_What to produce_
Exclude the pictures; give every entry again exactly as written.

_Data_

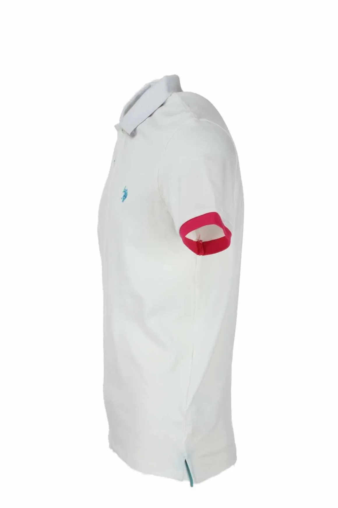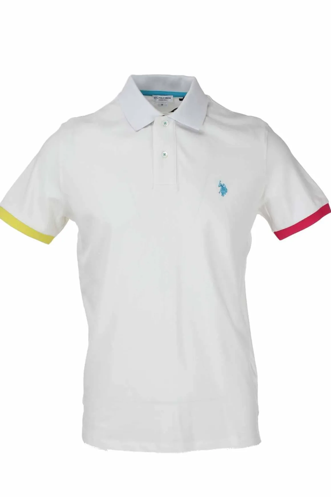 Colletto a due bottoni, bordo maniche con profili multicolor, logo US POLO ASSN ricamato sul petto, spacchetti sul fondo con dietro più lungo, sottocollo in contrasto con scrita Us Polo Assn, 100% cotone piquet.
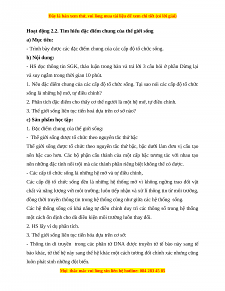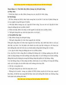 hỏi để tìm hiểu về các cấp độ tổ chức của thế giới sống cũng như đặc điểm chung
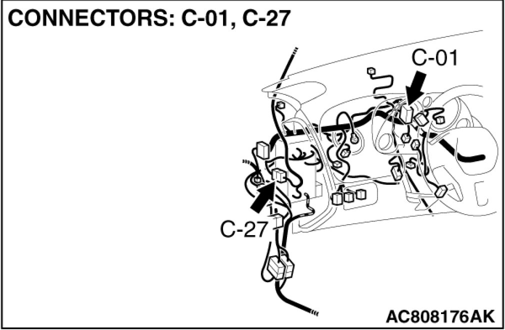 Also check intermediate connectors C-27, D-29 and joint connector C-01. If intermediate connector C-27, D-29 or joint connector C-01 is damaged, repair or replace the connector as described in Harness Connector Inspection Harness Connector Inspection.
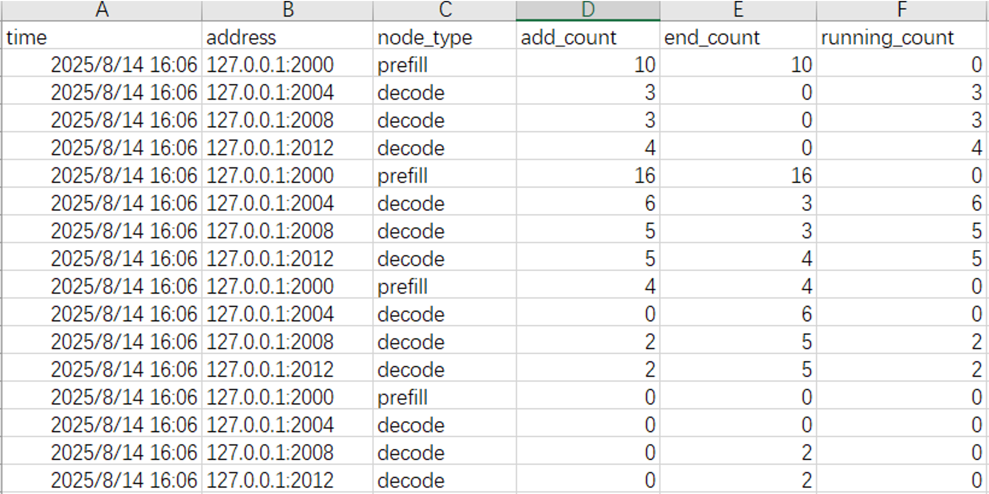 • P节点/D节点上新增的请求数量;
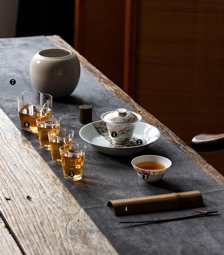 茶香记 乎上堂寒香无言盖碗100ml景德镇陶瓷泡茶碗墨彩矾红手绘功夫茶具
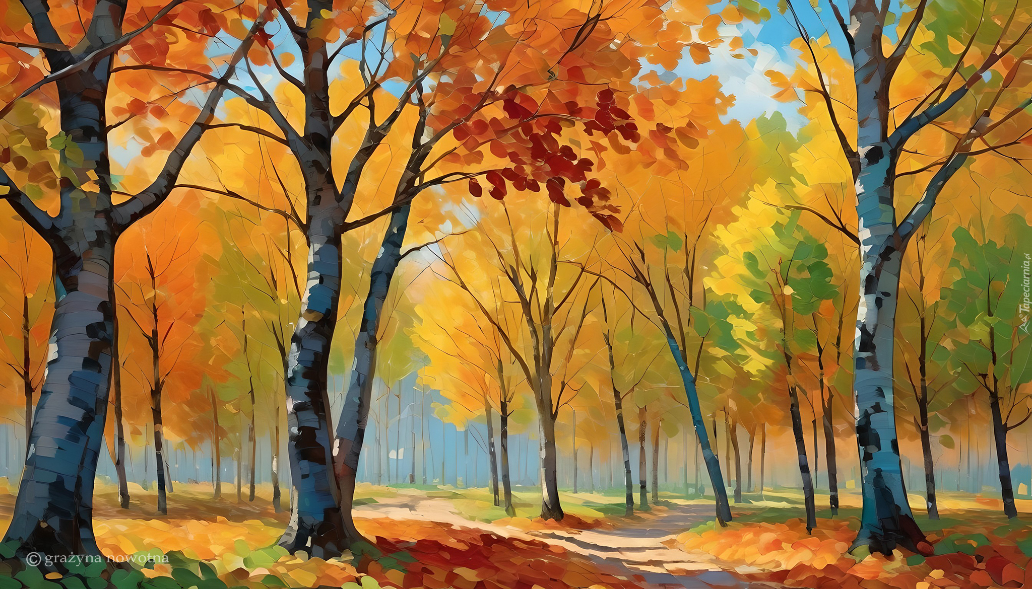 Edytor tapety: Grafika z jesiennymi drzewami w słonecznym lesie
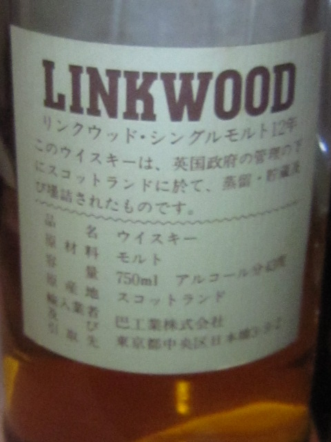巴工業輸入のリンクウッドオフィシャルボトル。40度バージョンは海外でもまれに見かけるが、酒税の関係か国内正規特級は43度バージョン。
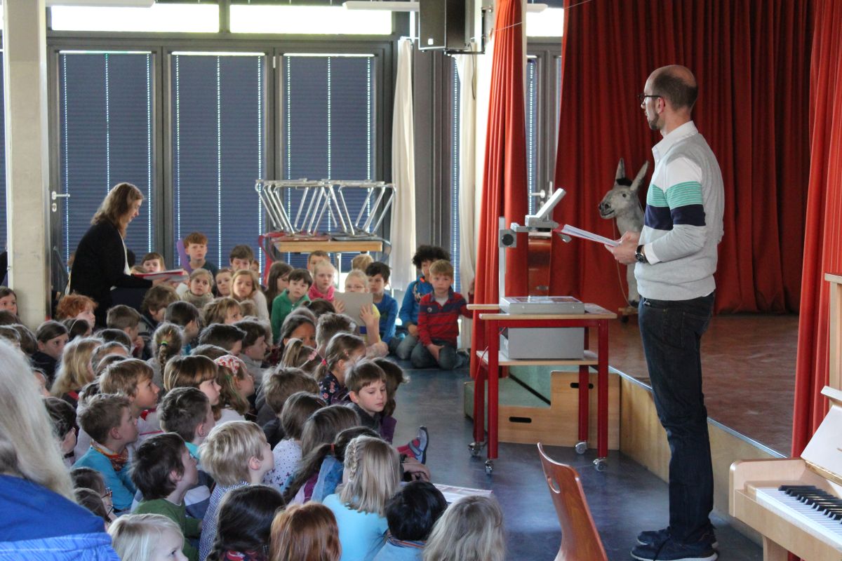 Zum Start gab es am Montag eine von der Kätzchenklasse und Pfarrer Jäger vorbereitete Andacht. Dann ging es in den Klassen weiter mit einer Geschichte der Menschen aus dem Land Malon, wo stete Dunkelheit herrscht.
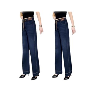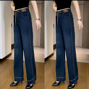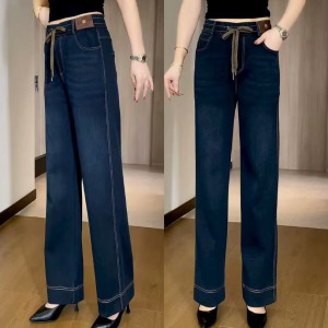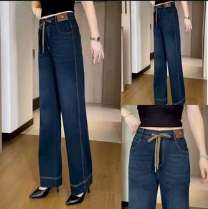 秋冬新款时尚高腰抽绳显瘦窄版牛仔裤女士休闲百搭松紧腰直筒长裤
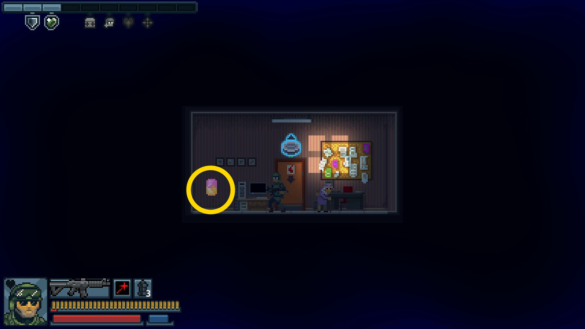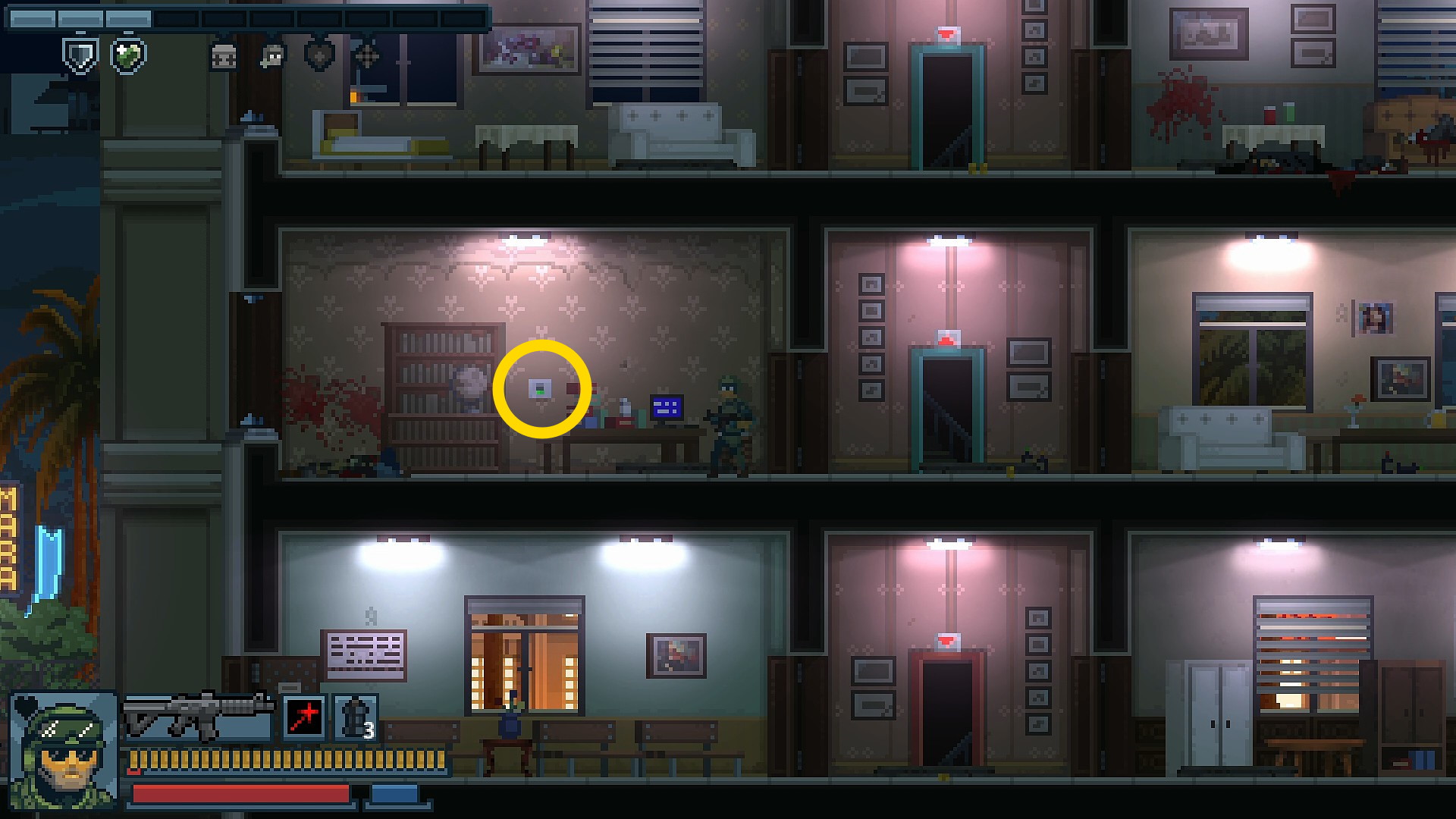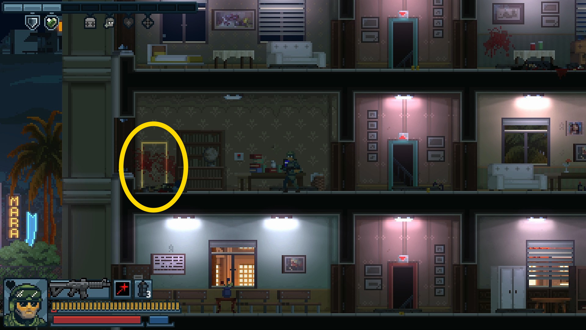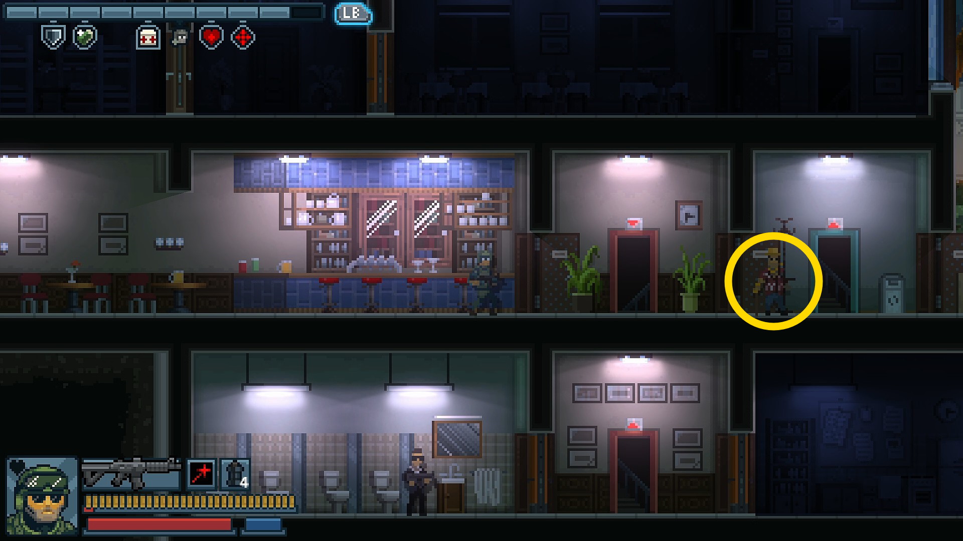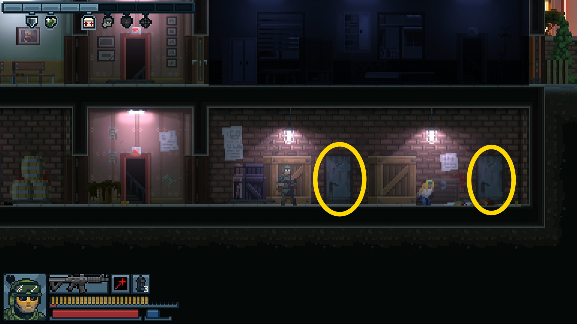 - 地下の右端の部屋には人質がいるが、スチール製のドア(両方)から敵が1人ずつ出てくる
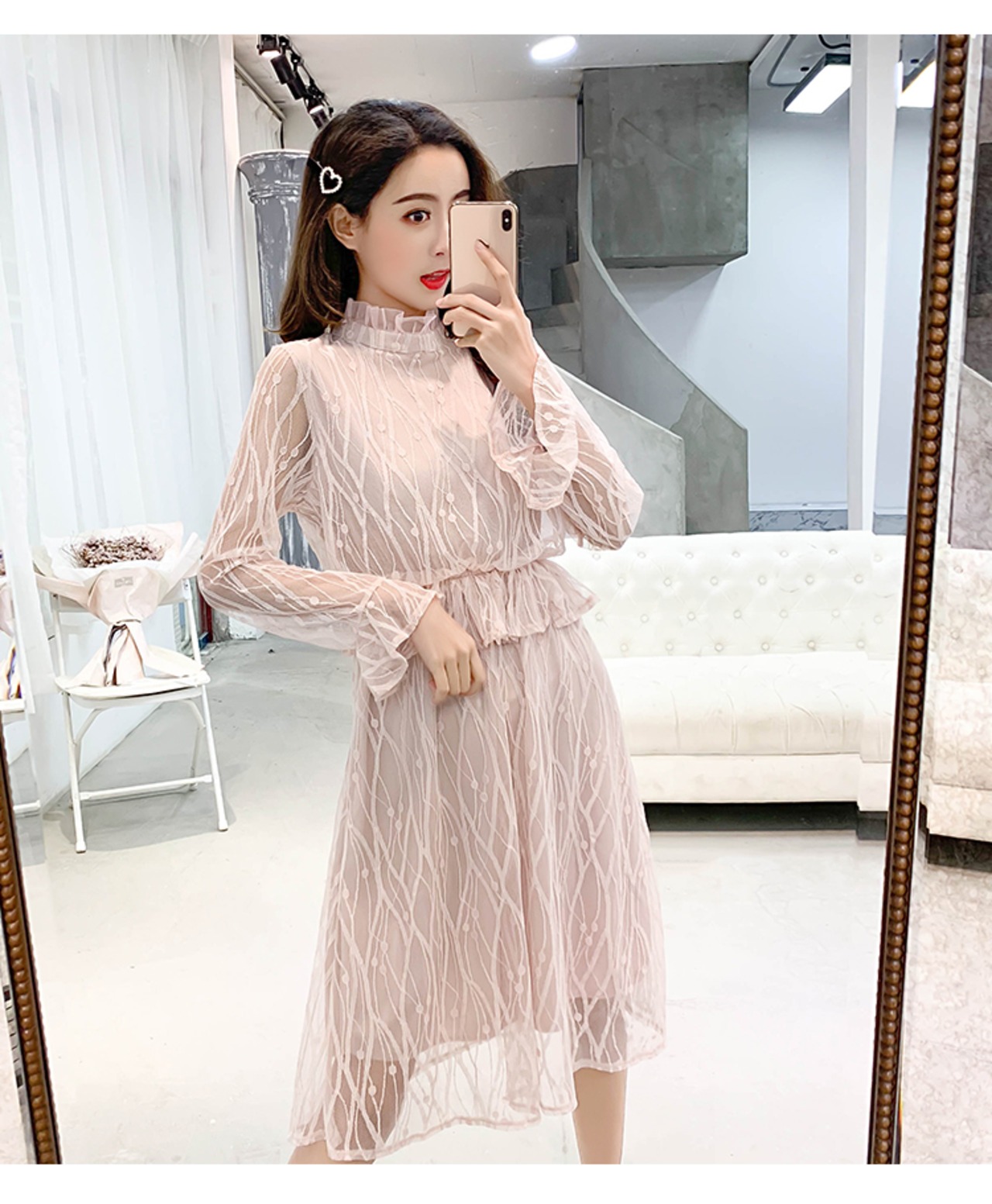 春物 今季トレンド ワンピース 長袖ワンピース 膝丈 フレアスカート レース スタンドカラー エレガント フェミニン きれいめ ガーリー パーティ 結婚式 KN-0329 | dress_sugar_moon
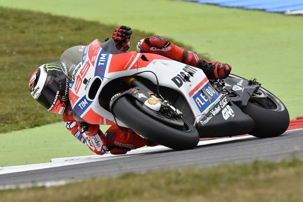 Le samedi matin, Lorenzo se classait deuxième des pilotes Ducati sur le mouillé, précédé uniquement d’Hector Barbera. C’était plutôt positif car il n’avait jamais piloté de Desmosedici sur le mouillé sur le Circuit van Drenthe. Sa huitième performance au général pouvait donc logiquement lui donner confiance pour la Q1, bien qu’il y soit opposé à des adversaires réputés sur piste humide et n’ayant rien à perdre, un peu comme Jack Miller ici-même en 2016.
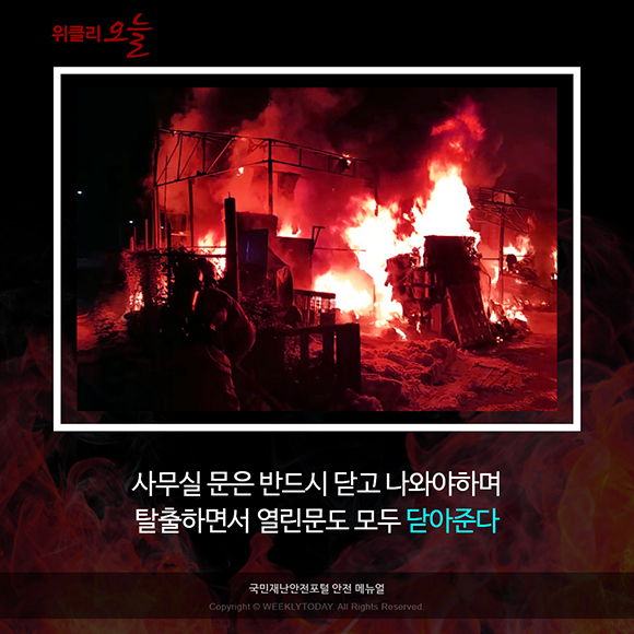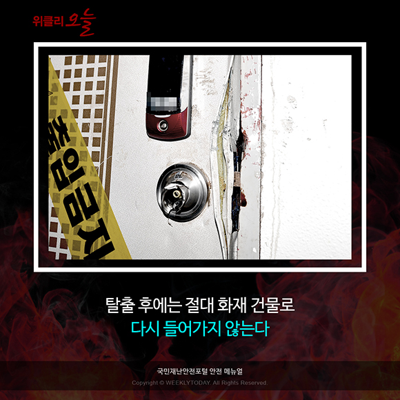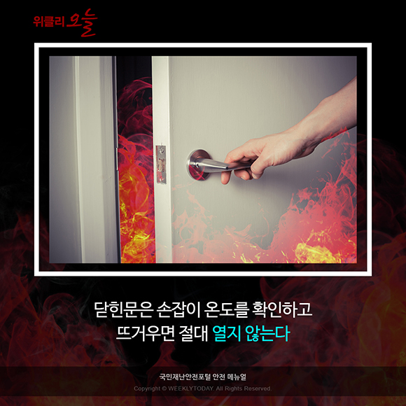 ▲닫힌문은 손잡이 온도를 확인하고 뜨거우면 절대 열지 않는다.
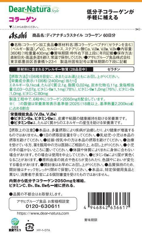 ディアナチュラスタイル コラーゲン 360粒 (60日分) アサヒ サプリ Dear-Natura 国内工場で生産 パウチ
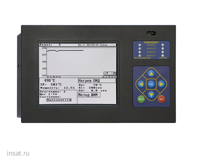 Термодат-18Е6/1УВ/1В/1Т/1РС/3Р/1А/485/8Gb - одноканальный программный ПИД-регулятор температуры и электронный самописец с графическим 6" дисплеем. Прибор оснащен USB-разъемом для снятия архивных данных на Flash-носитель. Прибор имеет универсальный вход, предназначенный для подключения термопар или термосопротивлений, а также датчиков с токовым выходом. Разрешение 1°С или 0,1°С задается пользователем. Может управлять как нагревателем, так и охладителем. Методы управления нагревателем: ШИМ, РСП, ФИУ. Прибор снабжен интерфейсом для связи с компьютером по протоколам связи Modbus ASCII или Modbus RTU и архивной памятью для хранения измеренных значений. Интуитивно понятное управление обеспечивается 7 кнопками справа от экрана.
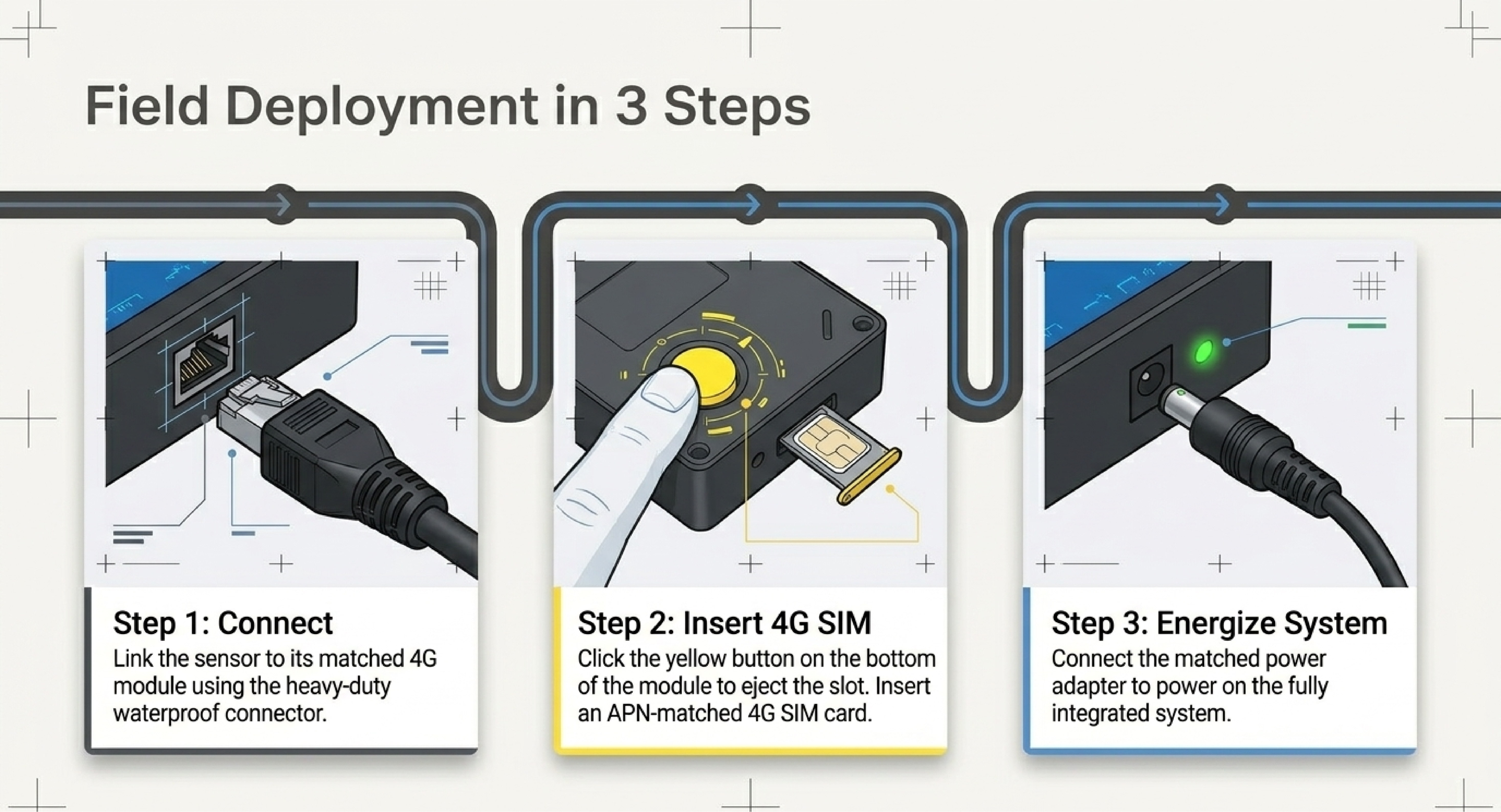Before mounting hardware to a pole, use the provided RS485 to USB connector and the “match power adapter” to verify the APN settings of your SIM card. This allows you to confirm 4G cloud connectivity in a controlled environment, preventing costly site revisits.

_Task response_
 Colletto a due bottoni, bordo maniche con profili multicolor, logo US POLO ASSN ricamato sul petto, spacchetti sul fondo con dietro più lungo, sottocollo in contrasto con scrita Us Polo Assn, 100% cotone piquet.
 hỏi để tìm hiểu về các cấp độ tổ chức của thế giới sống cũng như đặc điểm chung
 Also check intermediate connectors C-27, D-29 and joint connector C-01. If intermediate connector C-27, D-29 or joint connector C-01 is damaged, repair or replace the connector as described in Harness Connector Inspection Harness Connector Inspection.
 • P节点/D节点上新增的请求数量;
 茶香记 乎上堂寒香无言盖碗100ml景德镇陶瓷泡茶碗墨彩矾红手绘功夫茶具
 Edytor tapety: Grafika z jesiennymi drzewami w słonecznym lesie
巴工業輸入のリンクウッドオフィシャルボトル。40度バージョンは海外でもまれに見かけるが、酒税の関係か国内正規特級は43度バージョン。
 Zum Start gab es am Montag eine von der Kätzchenklasse und Pfarrer Jäger vorbereitete Andacht. Dann ging es in den Klassen weiter mit einer Geschichte der Menschen aus dem Land Malon, wo stete Dunkelheit herrscht.
 秋冬新款时尚高腰抽绳显瘦窄版牛仔裤女士休闲百搭松紧腰直筒长裤
 - 地下の右端の部屋には人質がいるが、スチール製のドア(両方)から敵が1人ずつ出てくる
 春物 今季トレンド ワンピース 長袖ワンピース 膝丈 フレアスカート レース スタンドカラー エレガント フェミニン きれいめ ガーリー パーティ 結婚式 KN-0329 | dress_sugar_moon
 Le samedi matin, Lorenzo se classait deuxième des pilotes Ducati sur le mouillé, précédé uniquement d’Hector Barbera. C’était plutôt positif car il n’avait jamais piloté de Desmosedici sur le mouillé sur le Circuit van Drenthe. Sa huitième performance au général pouvait donc logiquement lui donner confiance pour la Q1, bien qu’il y soit opposé à des adversaires réputés sur piste humide et n’ayant rien à perdre, un peu comme Jack Miller ici-même en 2016.
 ▲닫힌문은 손잡이 온도를 확인하고 뜨거우면 절대 열지 않는다.
 ディアナチュラスタイル コラーゲン 360粒 (60日分) アサヒ サプリ Dear-Natura 国内工場で生産 パウチ
 Термодат-18Е6/1УВ/1В/1Т/1РС/3Р/1А/485/8Gb - одноканальный программный ПИД-регулятор температуры и электронный самописец с графическим 6" дисплеем. Прибор оснащен USB-разъемом для снятия архивных данных на Flash-носитель. Прибор имеет универсальный вход, предназначенный для подключения термопар или термосопротивлений, а также датчиков с токовым выходом. Разрешение 1°С или 0,1°С задается пользователем. Может управлять как нагревателем, так и охладителем. Методы управления нагревателем: ШИМ, РСП, ФИУ. Прибор снабжен интерфейсом для связи с компьютером по протоколам связи Modbus ASCII или Modbus RTU и архивной памятью для хранения измеренных значений. Интуитивно понятное управление обеспечивается 7 кнопками справа от экрана.
Before mounting hardware to a pole, use the provided RS485 to USB connector and the “match power adapter” to verify the APN settings of your SIM card. This allows you to confirm 4G cloud connectivity in a controlled environment, preventing costly site revisits.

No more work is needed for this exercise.